Task input:

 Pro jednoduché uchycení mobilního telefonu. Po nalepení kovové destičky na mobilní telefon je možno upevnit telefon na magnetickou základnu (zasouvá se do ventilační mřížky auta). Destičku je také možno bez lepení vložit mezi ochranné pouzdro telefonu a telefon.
==
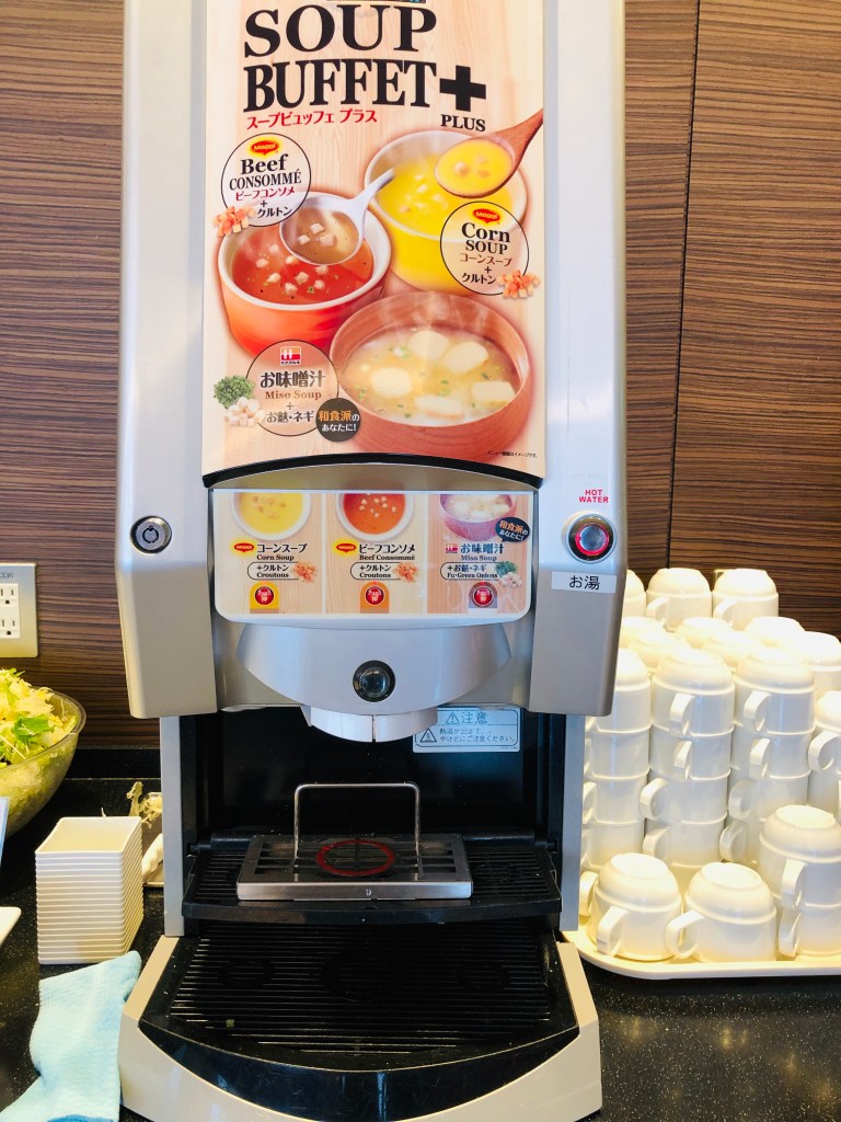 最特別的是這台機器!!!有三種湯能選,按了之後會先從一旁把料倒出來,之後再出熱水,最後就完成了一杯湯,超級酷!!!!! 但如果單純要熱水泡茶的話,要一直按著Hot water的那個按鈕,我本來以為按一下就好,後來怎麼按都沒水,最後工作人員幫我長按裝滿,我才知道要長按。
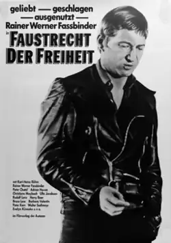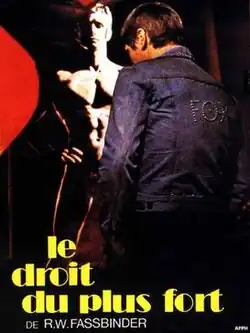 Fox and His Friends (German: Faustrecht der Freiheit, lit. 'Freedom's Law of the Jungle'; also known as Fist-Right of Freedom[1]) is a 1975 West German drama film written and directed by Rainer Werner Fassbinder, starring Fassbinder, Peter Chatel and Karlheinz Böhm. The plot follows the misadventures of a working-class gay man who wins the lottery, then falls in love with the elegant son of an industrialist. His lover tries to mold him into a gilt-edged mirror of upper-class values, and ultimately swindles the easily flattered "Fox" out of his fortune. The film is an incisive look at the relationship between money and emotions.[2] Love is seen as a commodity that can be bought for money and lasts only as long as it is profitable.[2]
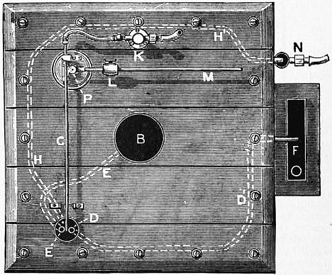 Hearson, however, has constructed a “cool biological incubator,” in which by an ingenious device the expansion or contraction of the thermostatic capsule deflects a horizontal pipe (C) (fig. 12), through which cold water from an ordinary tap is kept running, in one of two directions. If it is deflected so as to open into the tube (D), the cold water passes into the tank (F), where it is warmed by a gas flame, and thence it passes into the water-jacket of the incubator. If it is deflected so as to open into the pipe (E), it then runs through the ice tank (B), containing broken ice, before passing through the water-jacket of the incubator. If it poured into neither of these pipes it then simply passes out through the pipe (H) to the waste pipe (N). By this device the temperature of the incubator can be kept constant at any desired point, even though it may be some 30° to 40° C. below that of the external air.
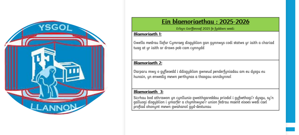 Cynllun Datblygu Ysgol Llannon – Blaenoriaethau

What the task asks: In the data above, the stretch from the line with "Hearson, however, has" through the line with "Cynllun Datblygu Ysgol" is to be returned exactly, minus any pictures.

Response to the task:
 Hearson, however, has constructed a “cool biological incubator,” in which by an ingenious device the expansion or contraction of the thermostatic capsule deflects a horizontal pipe (C) (fig. 12), through which cold water from an ordinary tap is kept running, in one of two directions. If it is deflected so as to open into the tube (D), the cold water passes into the tank (F), where it is warmed by a gas flame, and thence it passes into the water-jacket of the incubator. If it is deflected so as to open into the pipe (E), it then runs through the ice tank (B), containing broken ice, before passing through the water-jacket of the incubator. If it poured into neither of these pipes it then simply passes out through the pipe (H) to the waste pipe (N). By this device the temperature of the incubator can be kept constant at any desired point, even though it may be some 30° to 40° C. below that of the external air.
 Cynllun Datblygu Ysgol Llannon – Blaenoriaethau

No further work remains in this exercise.